--- Supplied material ---
━━━━━━━━━━

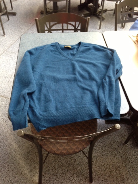 I picked up the following sweater at a local thrift store and gave it a good hand washing to remove any lingering second-hand skeevies. It’s 100% cashmere in a perfectly acceptable color. And most importantly, it had friendly construction and good seams. You want to avoid serged seems like the plague. You’ll end up with lots of little strips of yarn. And who wants to spit splice all of those little pieces? Not me.  Not even cashmere is worth that kind of aggravation.
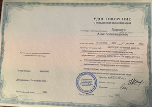 - 2023, Москва, ФГАОУ ВО РУДН, повышение квалификации по специальности «Функциональная диагностика»;
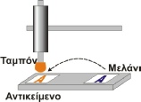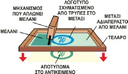 Τότε μια μαλακή ειδική σφραγίδα ακουμπά την επιφάνεια αυτή συλλέγει το μελάνι (διατηρώντας και το σχήμα του λογοτύπου ταυτόχρονα) και το εναποθέτει στο αντικείμενο που θέλουμε. Γίνεται στα περισσότερα χαμηλού κόστους διαφημιστικά αντικείμενα (στυλό, αναπτήρες και διάφορα άλλα ίδιας υφής μικροαντικείμενα). Χαμηλό σχετικά κόστος εκτύπωσης με μεγάλη παραγωγή, αλλά μικρή αντοχή.
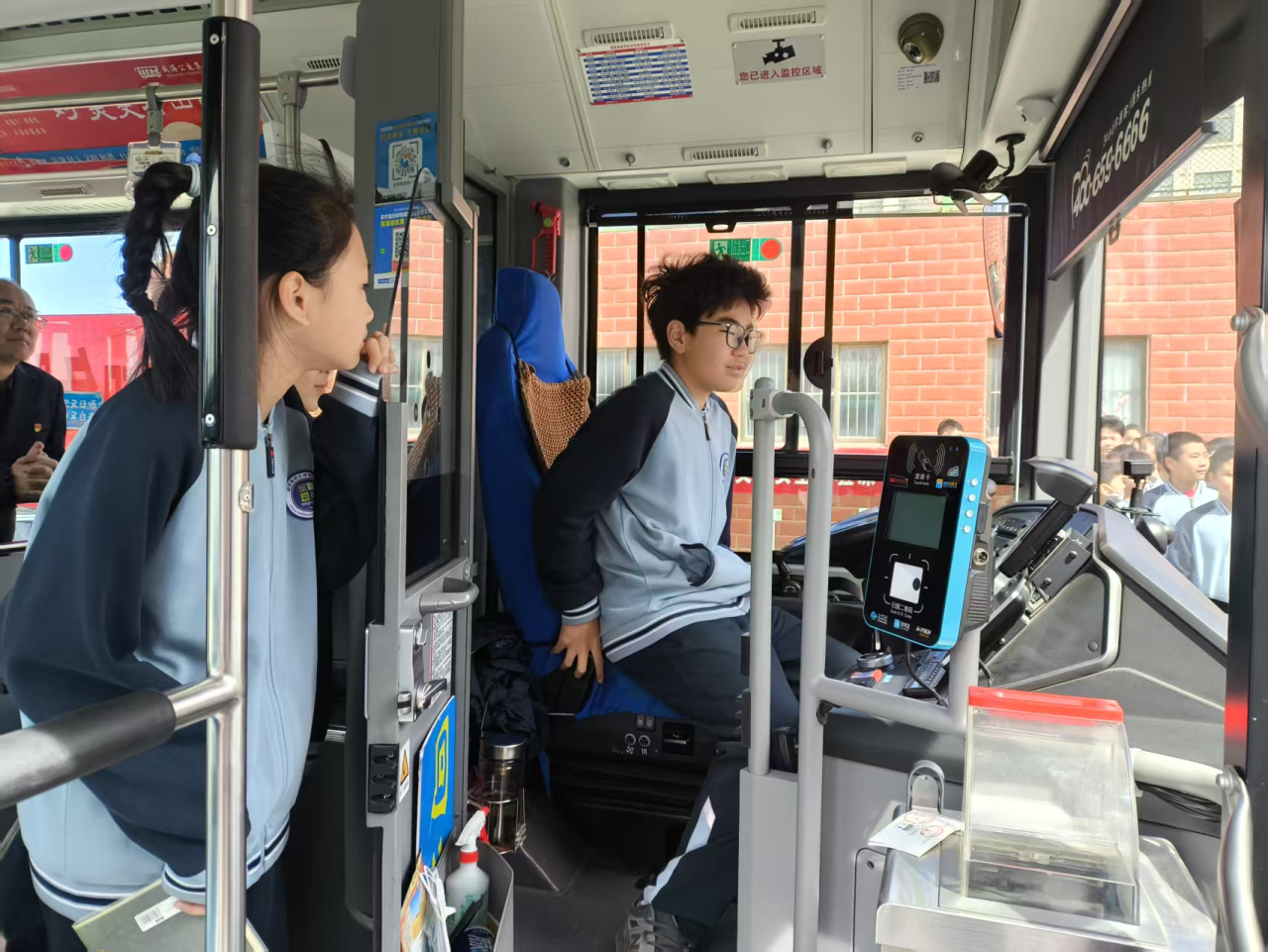 為了有更直觀的體驗,現(xiàn)場還讓學生輪流坐上駕駛位,親身感受駕駛員視角,部分同學站在公交車的各個盲區(qū)位置,讓“駕駛員”進行觀察,真切感受公交車視線盲區(qū)的存在及其危險性。孩子們紛紛表示:“以前只知道要注意交通安全,但沒想到公交車的盲區(qū)這么大,以后等車、過馬路的時候可得多留意。”

━━━━━━━━━━

--- Brief ---
Restate each line of the material word for word, skipping any picture.

--- Written solution ---
 I picked up the following sweater at a local thrift store and gave it a good hand washing to remove any lingering second-hand skeevies. It’s 100% cashmere in a perfectly acceptable color. And most importantly, it had friendly construction and good seams. You want to avoid serged seems like the plague. You’ll end up with lots of little strips of yarn. And who wants to spit splice all of those little pieces? Not me.  Not even cashmere is worth that kind of aggravation.
 - 2023, Москва, ФГАОУ ВО РУДН, повышение квалификации по специальности «Функциональная диагностика»;
 Τότε μια μαλακή ειδική σφραγίδα ακουμπά την επιφάνεια αυτή συλλέγει το μελάνι (διατηρώντας και το σχήμα του λογοτύπου ταυτόχρονα) και το εναποθέτει στο αντικείμενο που θέλουμε. Γίνεται στα περισσότερα χαμηλού κόστους διαφημιστικά αντικείμενα (στυλό, αναπτήρες και διάφορα άλλα ίδιας υφής μικροαντικείμενα). Χαμηλό σχετικά κόστος εκτύπωσης με μεγάλη παραγωγή, αλλά μικρή αντοχή.
 為了有更直觀的體驗,現(xiàn)場還讓學生輪流坐上駕駛位,親身感受駕駛員視角,部分同學站在公交車的各個盲區(qū)位置,讓“駕駛員”進行觀察,真切感受公交車視線盲區(qū)的存在及其危險性。孩子們紛紛表示:“以前只知道要注意交通安全,但沒想到公交車的盲區(qū)這么大,以后等車、過馬路的時候可得多留意。”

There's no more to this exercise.